EGF modules have two canonical antiparallel β-strands (β-1 and β-2, Fig. 1B) and variably may have additional β-strands or α-helices (10). The EGF domain is elongated along the axis between its N- and C-terminal ends, and the structural elements run parallel to this axis. The turns between these elements are marked in Fig. 1B according to whether the turn is at the N-terminal end (N-turn) or C-terminal end (C-turn) of the elements they connect.
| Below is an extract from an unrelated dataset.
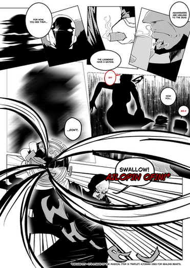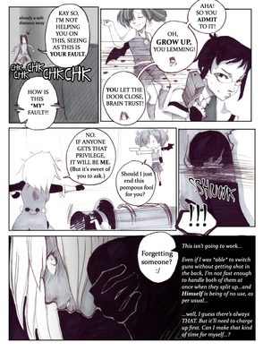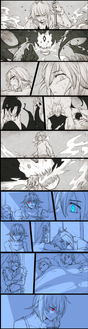 This is a collaboration with a few friends. Basically I start the comic with a simple opening: "Ileen enters the kitchen for a cup of tea to see someone digging through the fridge. 'Who's there?' she mumbles as she approaches the cold appliance with caution."People continued it with their own sentences, and I compiled them into this comic~!

A number of structural features confirm the conclusion that integrin modules are EGF-like. (i) Insertions and deletions occur in turns (C-turn1, N-turn1, and C-turn2, Fig. 1B) and thus can be readily accommodated structurally. Strands 1 and 2 are shortened an equal amount by the deletion of four residues from the turn between them, allowing the remaining portions of these antiparallel β-strands to hydrogen bond in a similar manner. (ii) The three disulfide bonds shared with EGF domains are appropriate. Six of the eight cysteines in the integrin modules align to the six cysteines in the structurally defined EGF domains and are predicted to form disulfides between cysteines 2–4, 3–6, and 7–8 (Fig. 1B). In integrin EGF module 1 (β2_1 and β4_1, Fig. 1B), only six cysteines are present. The alignment predicts that the pair of cysteines that is missing in module 1 is a disulfide-bonded pair, cysteines 2 and 4. (iii) Cysteines 1 and 5, which form the “extra” disulfide compared to EGF domains, are specifically missing in module 3 of all integrin β4 and β8 subunits sequenced to date (β4_3, Fig. 1B). This provides additional evidence for the disulfide assignment. (iv) The extra 1–5 disulfide is structurally sound. Cysteine 1 of the module is at its N terminus, whereas cysteine 5 that it bonds to aligns with a residue that is nearby in EGF domain structures. In EGF domains, the Cα distances between the residues similar to cysteine 1 (A120 in E-selectin and D46 or D47 in factors VII, IX, or X), and those that align with cysteine 5 are 5.9–7.4 Å, compatible with disulfide bond formation.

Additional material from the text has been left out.